OF | LD | GB | OF% | LD% | GB% | HR | K | OF | LD | GB | NIP | Runs | |

2002 | -0.07 | 0.39 | -0.11 | 31% | 22% | 42% | 7% | 30% | -10.3 | 41.4 | -22.4 | -51.4 | -47.1 |

2003 | -0.05 | 0.38 | -0.13 | 31% | 22% | 41% | 4% | 28% | -8.1 | 40.9 | -25.8 | -41.8 | -42.7 |

2004 | 0.06 | 0.35 | -0.09 | 37% | 19% | 38% | 11% | 25% | 13.3 | 38.7 | -21.0 | -41.2 | -20.6 |

2005 | 0.02 | 0.34 | -0.15 | 39% | 17% | 38% | 8% | 25% | 3.4 | 32.5 | -32.0 | -44.1 | -49.3 |

Avg. | 0.01 | 0.36 | -0.12 | 36% | 19% | 39% | 8% | 26% | 1.4 | 37.6 | -26.5 | -42.7 | -39.5 |

MLB Avg. | 0.04 | 0.36 | -0.10 | 31% | 21% | 44% | 11% | 17% |

The first three columns list the average relative run value of the three main types of batted balls (outfield flies, line drives and ground balls) given up by Martinez. You can see a real difference in his performance between 2002/2003 and 2004/2005; he’s given up more on outfield flies but less on line drives. In the first two years, his outfield flies were clearly below major league average (the last line), but he’s become more average the last two years. (This data is adjusted for ballpark, by the way).
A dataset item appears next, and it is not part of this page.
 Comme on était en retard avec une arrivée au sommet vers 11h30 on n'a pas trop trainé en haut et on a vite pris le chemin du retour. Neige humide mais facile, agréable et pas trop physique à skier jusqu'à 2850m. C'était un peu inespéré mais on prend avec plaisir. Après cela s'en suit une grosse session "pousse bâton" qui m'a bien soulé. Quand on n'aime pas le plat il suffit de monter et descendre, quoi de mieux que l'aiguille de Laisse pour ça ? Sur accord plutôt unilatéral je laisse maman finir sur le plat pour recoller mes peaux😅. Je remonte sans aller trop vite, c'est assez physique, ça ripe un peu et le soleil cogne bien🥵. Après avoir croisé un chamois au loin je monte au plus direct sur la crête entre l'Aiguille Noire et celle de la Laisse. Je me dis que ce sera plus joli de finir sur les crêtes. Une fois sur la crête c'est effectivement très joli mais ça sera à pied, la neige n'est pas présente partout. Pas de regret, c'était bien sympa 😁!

The next three columns show how often each type of batted ball was hit off the pitcher. You can see that Martinez’s outfield fly rate has really jumped while his line drive rate has declined. In the next two columns, you see that his home run rate has increased (which explains the increase in outfield fly values) and his strikeout rate has dropped. Finally, the right-hand columns sum the impact of each type of batted ball (value times rate) and adds the impact of all balls not put in play (NIP: strikeouts, walks and HBP’s). The final column is the sum impact of all of this, including all plate appearances.
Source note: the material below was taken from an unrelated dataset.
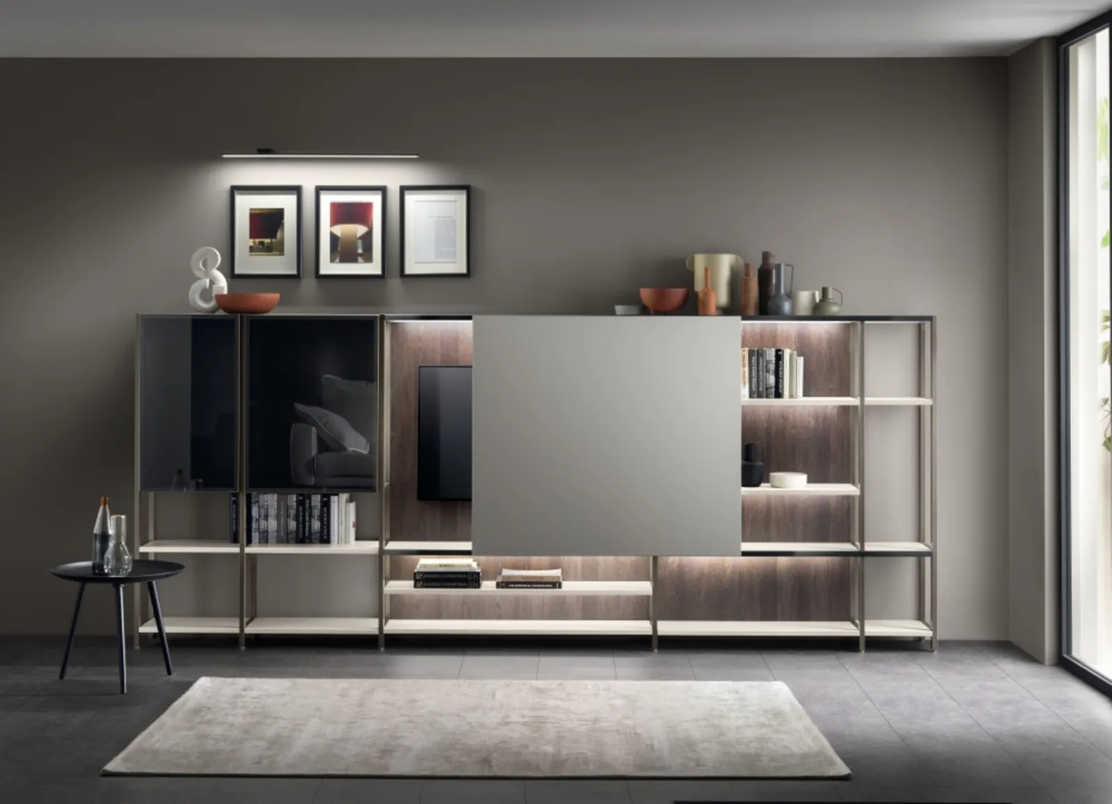 Pareti attrezzate e mobili soggiorno Scavolini: clicca e scopri il modello Living Formalia con Anta scorrevole in Pet Pioggia e potrai arricchire stanze moderne di ogni genere.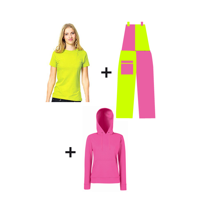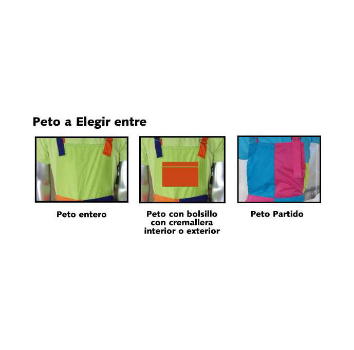 Camiseta basica manga corta (modelo unisex, niño y entallada de mujer) + sudadera capucha (modelo unisex, niño y entallada de mujer), mas peto bicolor.

Measured this way, 2005 was actually Pedro’s best year (lowest net run value). He kept his outfield flies under control, got a lot of good impact from line drives and ground balls and didn’t walk many batters (good NIP total). You’d rather have the Pedro of old, but this data shows how he has managed to stay successful while adapting to old baseball age.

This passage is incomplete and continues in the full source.